OLL is not required to be sub 20. You can easily get sub 20 with 2 look oll and PLL. I avg 16-17 sec and I still use 2 look oll  Make sure your F2L is fast. Like 8 sec


----------



## sneaklyfox (Apr 5, 2014)

Current Average: 16 sec
4LLL: never bothered with 2-look PLL
Full PLL: 1 min
Full OLL: 30 sec


----------



## tx789 (Apr 5, 2014)

current average 18
4LLL 54-1:04 (I improved 10 second in a week. That was the week before my first comp. I learned 2 look OLL then)
PLL 33ish
OLL I don't know the awkward shapes(I kind of do know two). So I know only 55/57 OLLs


----------



## GG (Apr 6, 2014)

CriticalCubing said:


> OLL is not required to be sub 20. You can easily get sub 20 with 2 look oll and PLL. I avg 16-17 sec and I still use 2 look oll  Make sure your F2L is fast. Like 8 sec



I know it's not required but I really enjoy learning the algorithms, 
And I'm quite fast at f2l anyway, 
I think 2look oll is holding me back....


----------



## cuboy63 (Apr 6, 2014)

GG said:


> I know it's not required but I really enjoy learning the algorithms,
> *And I'm quite fast at f2l anyway*,
> I think 2look oll is holding me back....

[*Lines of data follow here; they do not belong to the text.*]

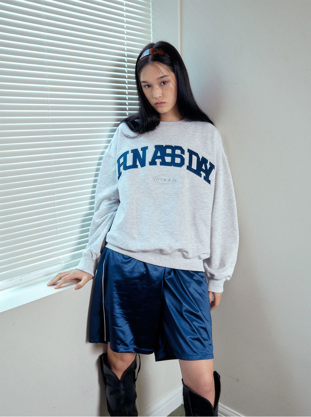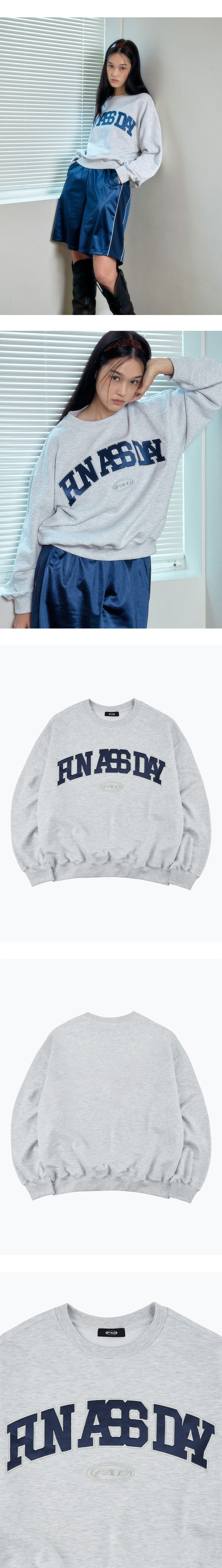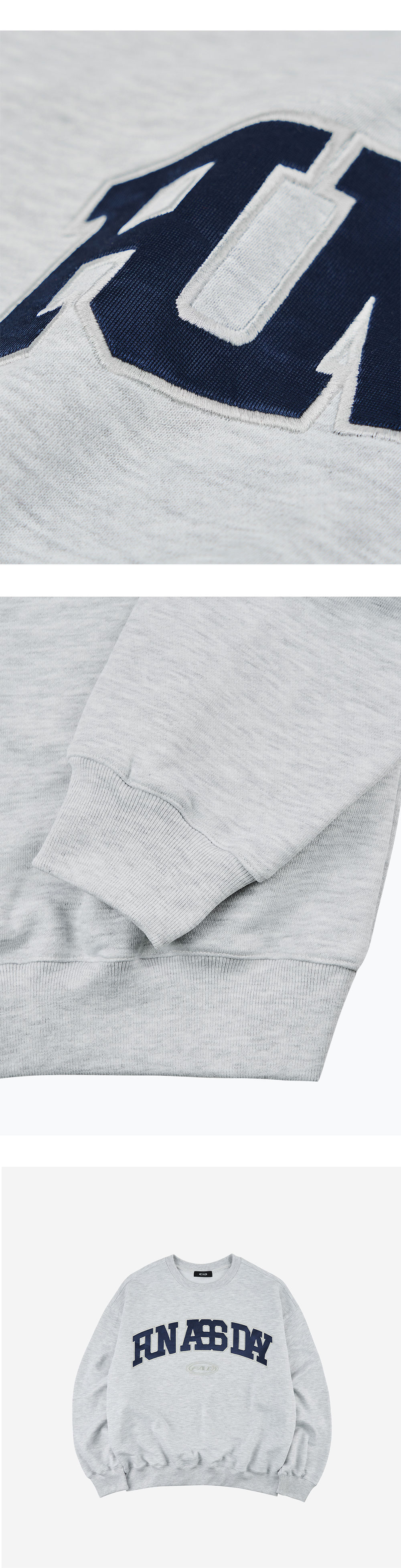 새틴 소재를 활용하여 아플리케 자수 작업을 진행한 FAD 오리지널 스웻셔츠, 밀도감 있는 French Terry 소재를 사용한 단단한 핏감, 빈티지한 소재감위에 글로시한 자수가 매력
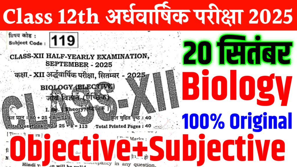 20 September Bihar Board Class 12th Biology Half Yearly Exam Viral Question Paper 2025 प्यारे बच्चों इस पोस्ट के माध्यम
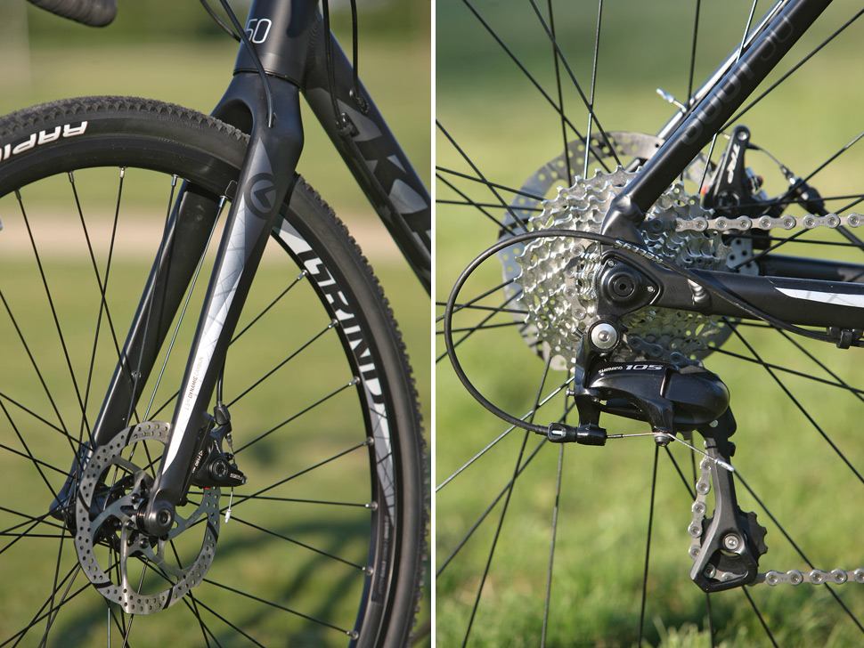 Pravda, stopětková sada je u klik nahrazena mimosadovými kompakty RS510 a osazeny jsou pouze mechanické kotoučovky od Tektra, takže mohly být zachovány klasické mechanické dualy 105 a ty jsou výrazně dostupnější než jejich hydraulické kolegyně, nicméně všechno ostatní už je klasická shimaňácká stopětka. Převody jsou zde pochopitelně alespoň decentně kompaktní, a to vpředu dvouplacka 50/34 a vzadu jedenáctipastorková kazeta 11-32z.
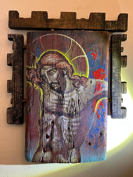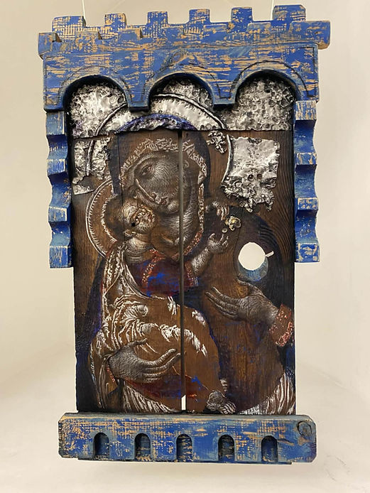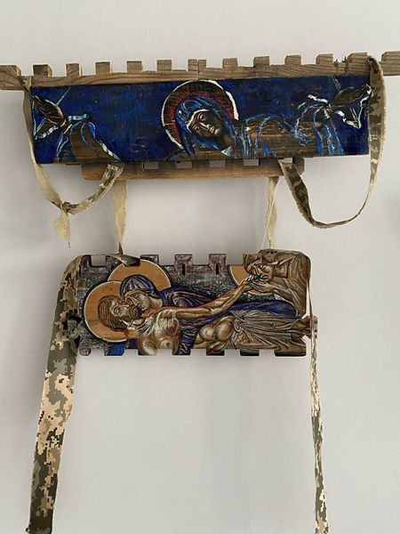 Його роботи часто набувають форми «військових ікон», де традиція сакрального образу поєднується з матеріальністю сучасного досвіду.

If you average around 20, you''re F2L is definitely not fast enough. There is still a lot of room for improvement. Never stop focusing on improving your F2L.


----------



## ChickenWrap (Apr 6, 2014)

Current Average: 20 sec
4LLL: 35 seconds
Full PLL: Started at 22, but still learning (15/21).
Full OLL: Barely know 2-look OLL


----------



## brian724080 (Apr 6, 2014)

CriticalCubing said:


> OLL is not required to be sub 20. You can easily get sub 20 with 2 look oll and PLL. I avg 16-17 sec and I still use 2 look oll  Make sure your F2L is fast. Like 8 sec



Wow, I guess my LL is pretty fast (back when I used CFOP), because I can pull a 13 second F2L and end up with an 18 second solve.



GG said:


> I know it's not required but I really enjoy learning the algorithms,
> *And I'm quite fast at f2l anyway, *
> I think 2look oll is holding me back....

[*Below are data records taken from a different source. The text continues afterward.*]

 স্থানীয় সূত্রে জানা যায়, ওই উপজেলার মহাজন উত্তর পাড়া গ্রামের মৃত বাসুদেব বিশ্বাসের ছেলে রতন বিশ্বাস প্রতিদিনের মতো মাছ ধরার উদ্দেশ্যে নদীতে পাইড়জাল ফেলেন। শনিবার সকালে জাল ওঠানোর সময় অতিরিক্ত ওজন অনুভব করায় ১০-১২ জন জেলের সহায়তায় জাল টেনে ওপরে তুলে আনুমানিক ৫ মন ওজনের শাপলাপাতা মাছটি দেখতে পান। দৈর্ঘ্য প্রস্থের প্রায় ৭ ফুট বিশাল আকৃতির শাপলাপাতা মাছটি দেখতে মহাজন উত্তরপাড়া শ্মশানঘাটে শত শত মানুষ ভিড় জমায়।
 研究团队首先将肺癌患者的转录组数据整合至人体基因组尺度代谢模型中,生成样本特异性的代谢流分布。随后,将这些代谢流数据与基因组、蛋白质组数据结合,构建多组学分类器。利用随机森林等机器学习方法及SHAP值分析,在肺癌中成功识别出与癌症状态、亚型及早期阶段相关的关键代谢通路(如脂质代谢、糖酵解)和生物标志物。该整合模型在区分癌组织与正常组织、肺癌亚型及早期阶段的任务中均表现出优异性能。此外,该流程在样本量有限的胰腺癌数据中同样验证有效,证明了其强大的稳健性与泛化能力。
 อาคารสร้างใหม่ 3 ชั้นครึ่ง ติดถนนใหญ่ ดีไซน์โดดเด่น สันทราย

Lolwut -- you should practice lookahead by tracking multiple pairs at the same time.


----------



## kcl (Apr 6, 2014)

GG said:


> I know it's not required but I really enjoy learning the algorithms,
> And I'm quite fast at f2l anyway,
> I think 2look oll is holding me back....



Yeah no. I got sub 14 with 2 look OLL. If your F2l isn't sub 6, keep working on it.


----------



## Cubeologist (Apr 6, 2014)

Current average ~ 27 seconds
4LLL at 1 minute
Full PLL at 30 seconds. (Just recently)
I know 2LOLL and a few of the easy cases.


----------



## GuRoux (Apr 6, 2014)

current CFOP average = 22
4LLL at 35
Full PLL at 25


----------



## kcl (Apr 6, 2014)

Current Average: barely sub 10
4LLL: 40?
Full PLL: 21ish
Full OLL: 12ish


----------



## IRNjuggle28 (Apr 6, 2014)

Current average: ~22
4LLL, PLL, OLL, and everything: not yet.

I use sort of a beginners method/ 4LLL hybrid that's probably about as fast as 4LLL. I'm getting close to done learning PLLs. I'm partway through learning my last 2 G perms. Then I'll just have R and N left. I never bothered to actually switch to 4 look because using 2 step permutation wouldn't be faster than what I'm doing, which is EO, EP, CO, and CP. 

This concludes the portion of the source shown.